We present the results in a similar way as before by focusing on the presentation of the rules with isolated variables and showing how the families of isolated variables impact the performance of the model (Figs. 7, 8 and 9).

Fig. 7
figure 7

Performance of the fuzzy model versus the number of isolated input variables

Fig. 8
figure 8

Fitness function reported in successive GA generations

Fig. 9
figure 9figure 9

Isolated variables (shaded) obtained for selected values of L

7 Conclusions

The two approaches enhancing the interpretability of rule-based models are directly applied to the already constructed Takagi-Sugeno fuzzy models realized with the use of fuzzy clustering. Both the formation of the input subspace of conditions as well as the isolation of the input variables are the methods refining multivariable fuzzy sets produced through fuzzy clustering. The proposed approaches are quantifiable in terms of the level of the interpretability abilities offered by them (expressed either in terms of the number of variables eliminated or the variables isolated). This aspect is helpful in determining how much the interpretability could be enhanced without any significant sacrifice of accuracy of the model. Furthermore in this way one could reveal input variables (or their combinations) that are essential in rule-based modeling.

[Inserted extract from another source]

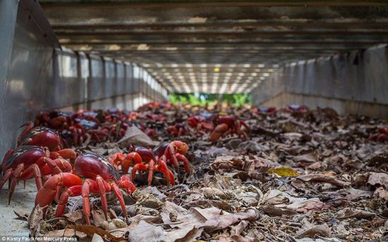 澳洲紅蟹大遷移:每年的10月底到1月初是澳大利亞圣誕島的雨季期間,就是紅蟹橫行圣誕島大遷徙的時間。澳洲紅蟹會離開叢林中的巢穴,遷徙到海邊進行交配和產卵。從巢穴到海岸,距離是不一樣的。最短的一個星期左右可以到達,最長的需要20天左右。

The approach offers a certain new view at the enhancement of fuzzy rule-based models. There could be several avenues worth pursuing in the future including (a) development of a hybrid arrangement of the formation of subspaces of conditions of the rules associated with some further isolation of variables from such subspaces, (b) use of other techniques of Evolutionary Optimization in the entire process, (c) construction of interpretability measures quantifying various facets of the interpretation mechanisms.